* _Prompt_
When you reach the line holding "シルバー×ウッドの大人カジュアルなデザインのピアス、イヤリングです。" in the material below, return that line and each one after it, word for word, with the pictures dropped.

___ Data provided ___

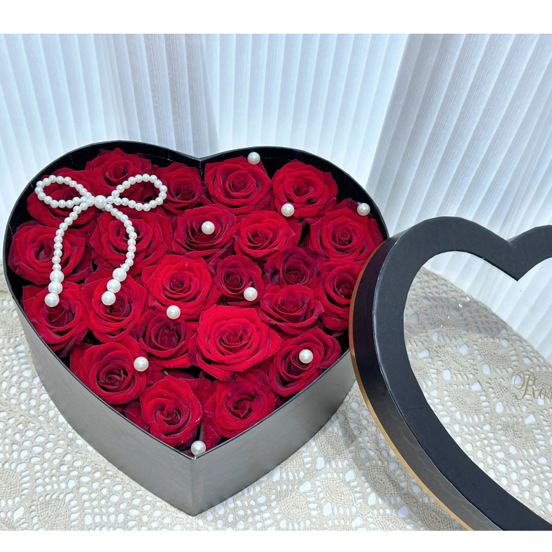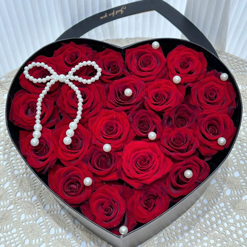 花 材:精选24朵红玫瑰,1条珠链系蝴蝶结,搭配珍珠钉装饰花面。
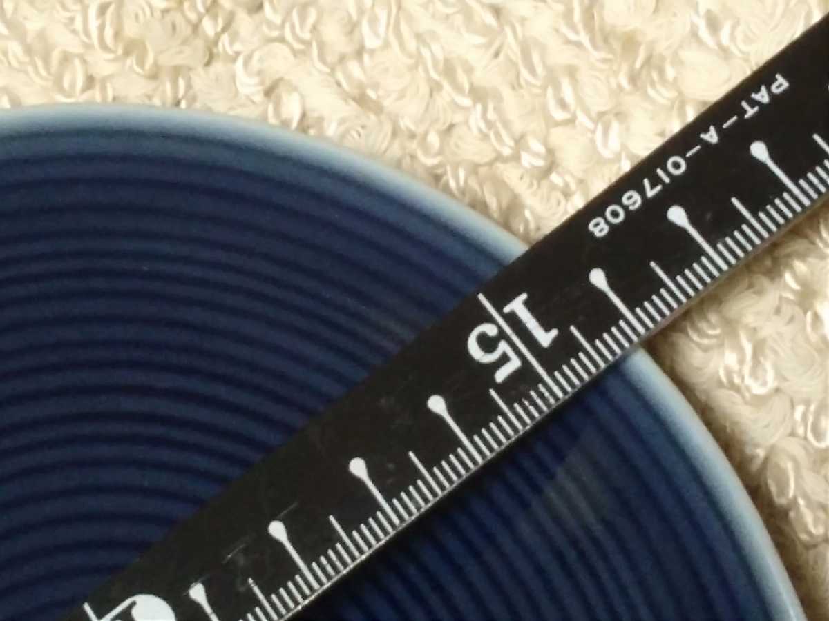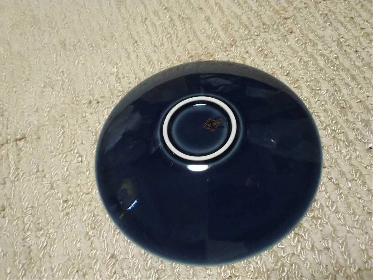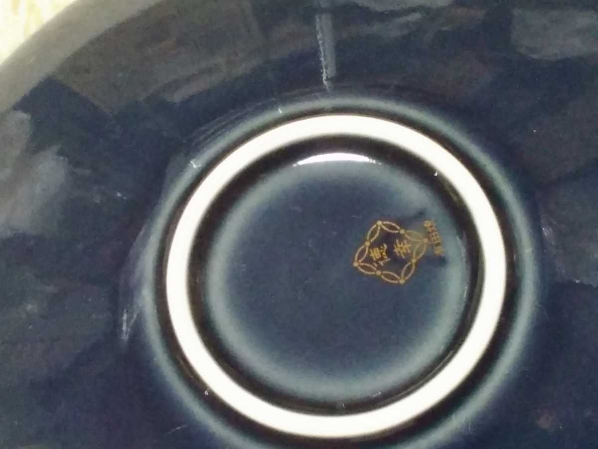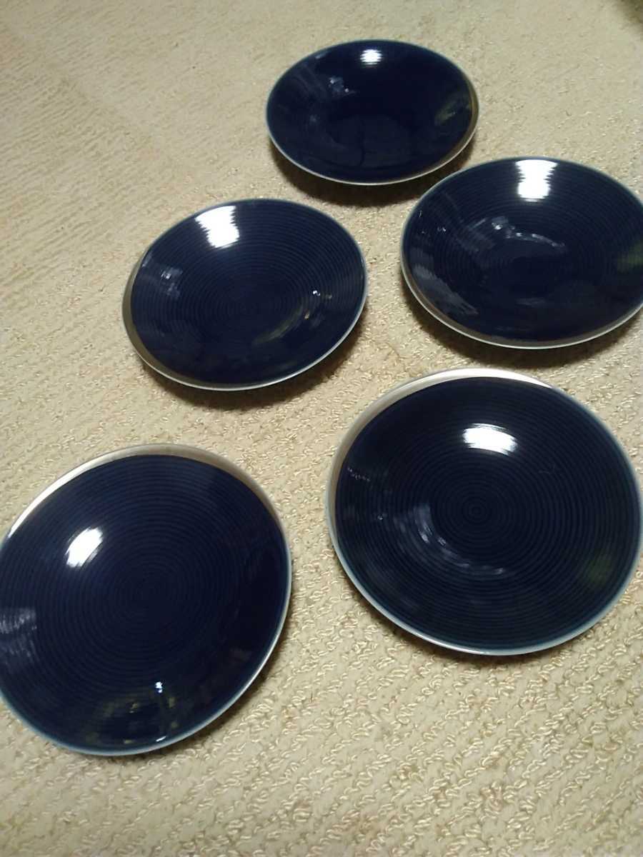 直径16 高さ3㎝ほどの紺の皿。未使用新品、手描きの渦、淵には銀色があります。
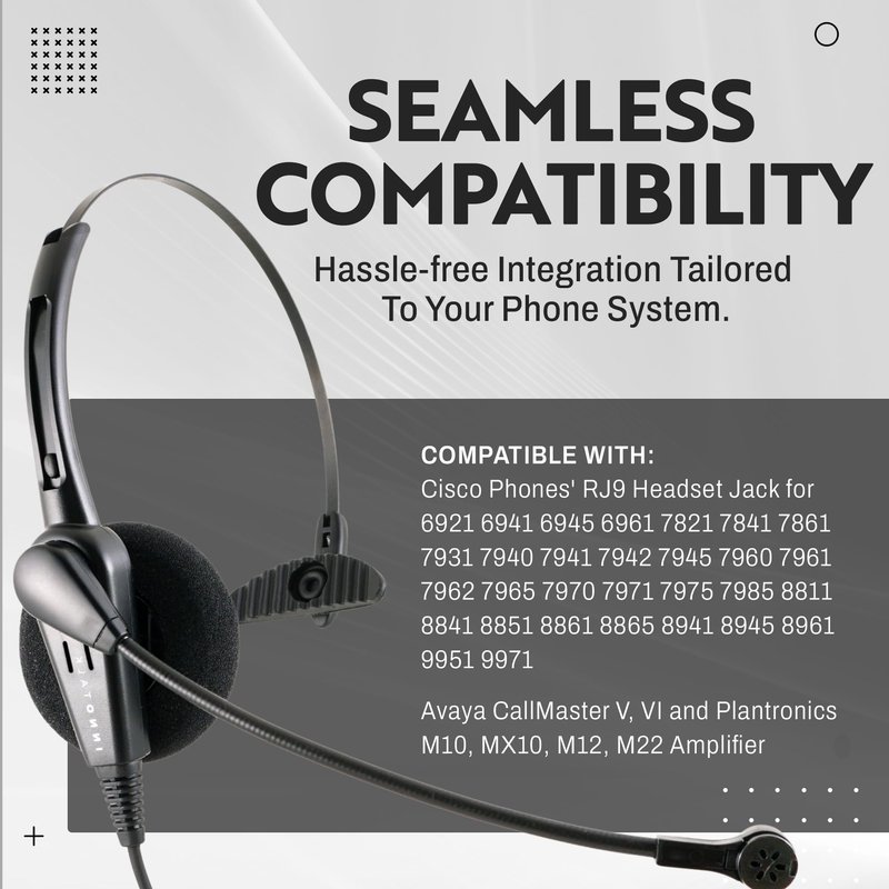 Compatible with Cisco Phones' RJ9 Headset Port. Classic style design, cost effective superior durable headset is focusing on Telemarketing service. The superior durability of the Classic Monaural headset provides long lasting value under the most telephone-intensive conditions and cost-effective solution to customer call centers. Easily stay-put click-stop headband and soft Rubber T-bar supports all-day long comfortable wearing. With your office phone system, Static shock protecting Noise cancelling mic delivers reduced background noise in a noisy office while enjoying additional productivity keeping both hands free. The flexible goose-neck mic boom allows you to get an optimal positioning from the mouth and the large ear cushion blocks surrounding noise outstanding
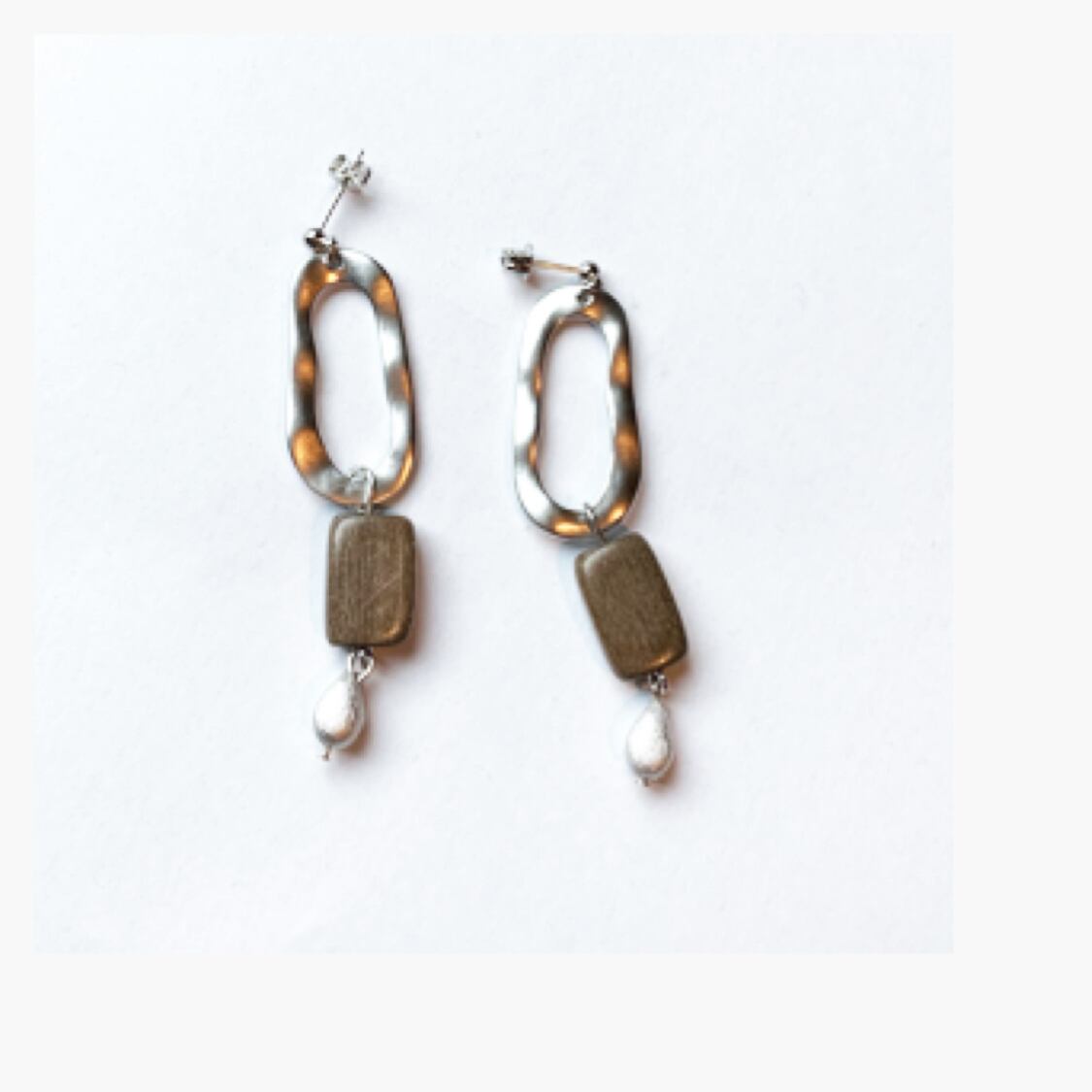 シルバー×ウッドの大人カジュアルなデザインのピアス、イヤリングです。
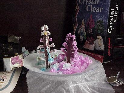 | picture 6: crystal leaves grown on paper tree | picture 7: crystal autumn, fallen from paper branches |
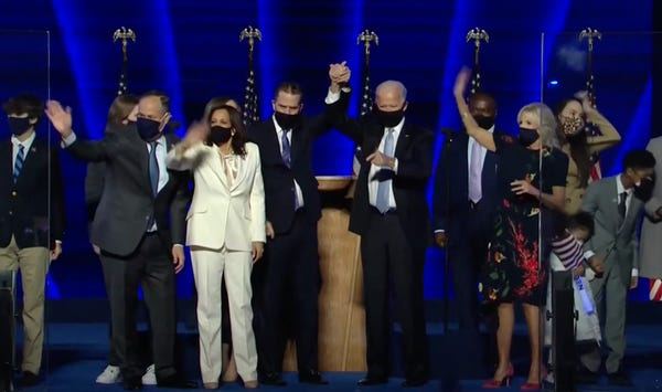 BIDEN: And to those who voted for President Trump, I understand your disappointment tonight. I've lost a couple of elections myself. But now, let's give each other a chance. It's time to put away the harsh rhetoric.To lower the temperature. To see each other again. To listen to each other again.To make progress, we must stop treating our opponents as our enemy. We are not enemies. We are Americans.The Bible tells us that to everything there is a season — a time to build, a time to reap, a time to sow. And a time to heal. This is the time to heal in America.
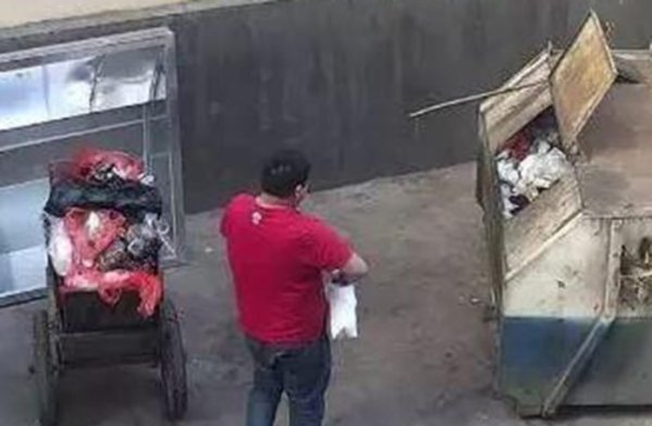 Na snimku se vidi kako muškarac u crvenoj majici i papučama nosi nešto u ruci, a u sljedećem trenutku baca zamotuljak u kontejner. Poslije toga stavlja ruke u džepove pantalona i polako odlazi, kao da se ništa nije desilo.
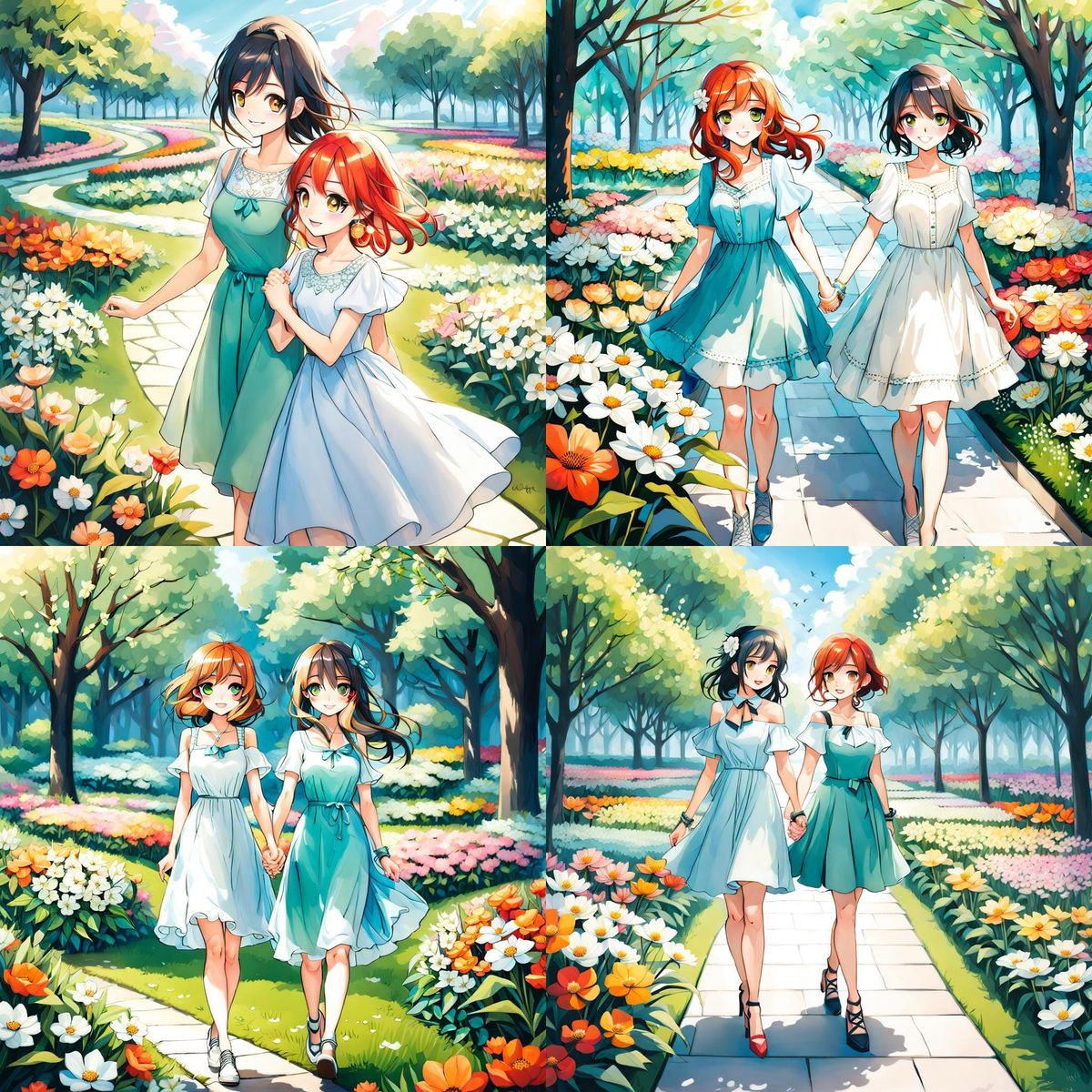 This image depicts two young women strolling hand-in-hand through a vibrant flower park. One woman is petite with long red hair and green eyes, while the other is taller with short black hair and brown eyes.

___

* _Response below_
 シルバー×ウッドの大人カジュアルなデザインのピアス、イヤリングです。
 | picture 6: crystal leaves grown on paper tree | picture 7: crystal autumn, fallen from paper branches |
 BIDEN: And to those who voted for President Trump, I understand your disappointment tonight. I've lost a couple of elections myself. But now, let's give each other a chance. It's time to put away the harsh rhetoric.To lower the temperature. To see each other again. To listen to each other again.To make progress, we must stop treating our opponents as our enemy. We are not enemies. We are Americans.The Bible tells us that to everything there is a season — a time to build, a time to reap, a time to sow. And a time to heal. This is the time to heal in America.
 Na snimku se vidi kako muškarac u crvenoj majici i papučama nosi nešto u ruci, a u sljedećem trenutku baca zamotuljak u kontejner. Poslije toga stavlja ruke u džepove pantalona i polako odlazi, kao da se ništa nije desilo.
 This image depicts two young women strolling hand-in-hand through a vibrant flower park. One woman is petite with long red hair and green eyes, while the other is taller with short black hair and brown eyes.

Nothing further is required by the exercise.